I can sell you these cheap.


----------



## n brown (Oct 15, 2019)

that chair/bog's got potential for comedy gold !


----------



## GreggBear (Oct 15, 2019)

Spent ages looking for an affordable left hand Thetford when I did my build. Chosen because it fit just right where I wanted to put it, & no problems so far.


----------



## Deleted member 79302 (Oct 26, 2019)

I squeezed a cassette toilet and shower tray at the back door


----------



## R0B (Oct 26, 2019)

MaxusMicky said:


> I squeezed a cassette toilet and shower tray at the back door


Very good!
Does the loo rotate 90 degrees?
I like the slide-out bench arrangement.


----------



## Deleted member 79302 (Oct 26, 2019)

R0B said:


> Very good!
> Does the loo rotate 90 degrees?
> I like the slide-out bench arrangement.

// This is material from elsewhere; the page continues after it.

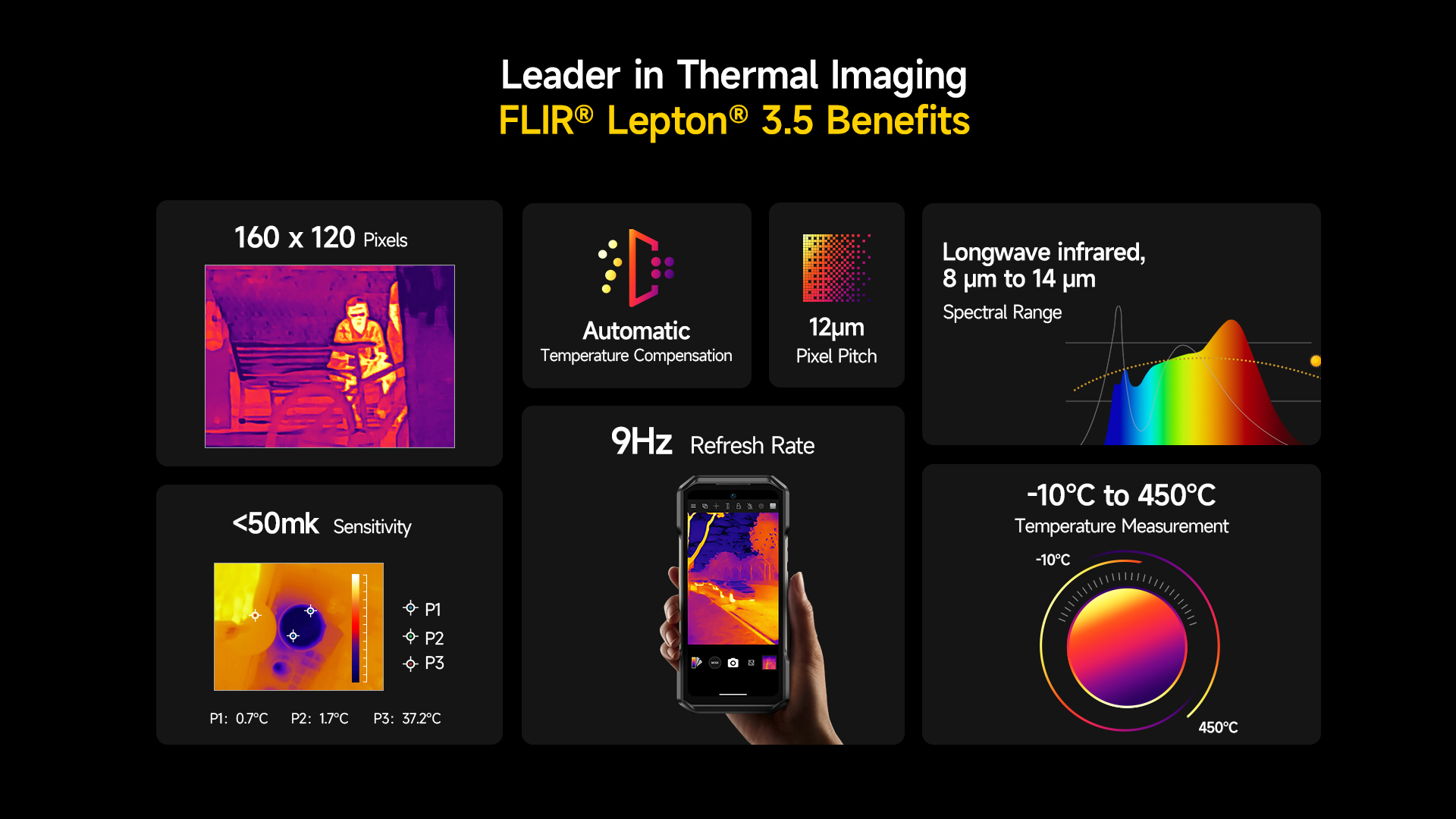 Cámara Térmica: | Resolución térmica 80 x 60, frecuencia de actualización, 9 Hz, píxeles 17 μm, Sensibilidad: <50mk, Rango de temperatura medible: -10 °C a 450 °C, Precisión: ±3 °C, Visualiza el calor invisible a simple vista, resaltando los contrastes de temperatura, Preinstalación de la aplicación MyFLIR Pro |

No it’s just a fixed (bog) standard cassette toilet I put it there so the Cassette can be taken straight out the rear doors for emptying without cutting holes in the van also it’s just a convenient place out of the way


----------



## vanmandan (Oct 26, 2019)

whilst I have a toilet & shower in my van, I have a friend (American), who refuses to use it when visiting & wishing to make a solid deposit.
he instead insits on findind a large stone in the forrest & makes his deposit beneath it.
(foreigners have such odd notions).
for fluids I prefer a 2 pint plastic milk carton.....emptied responsibly.
 I know of at least one female member who's happy to use a SheWee whilst using the same.



			Amazon.co.uk : shewee urine funnel
		


& as trevskoda points out......
only dirty people wash.


----------



## trevskoda (Oct 26, 2019)

You should never wash around the naughty bits as it keeps the flies of ones dinner.


----------



## mickymost (Oct 27, 2019)

orcadia said:


> Thanks, that's useful advice about using a detergent spray. I did laugh at the McDonalds comment though - we tend to visit the Highlands and rural areas of Scotland - not a lot of McD's to be found there.





Are you sure are you really sure I thought in Scotland every other person would have the name McDonald?


----------



## trevskoda (Oct 27, 2019)

vanmandan said:


> whilst I have a toilet & shower in my van, I have a friend (American), who refuses to use it when visiting & wishing to make a solid deposit.
> he instead insits on findind a large stone in the forrest & makes his deposit beneath it.
> (foreigners have such odd notions).
> for fluids I prefer a 2 pint plastic milk carton.....emptied responsibly.
> ...


2 pints,you need to see the doctor.


----------



## bobj808 (Oct 27, 2019)

Whe we bought our camper it had no proper toilet, just a wee low thing kept in a cupboard. A joiner friend removed the wardrobe and installed a small - but big enough - shower room. We got a Thetford Porta Potti (manual one) which sat on the shower tray (took up 2/3 of the tray space). Just lifted it out to have a shower. Liked it as it is the same height as the toilets in our house so no crouching with knees up beside chin lol.


----------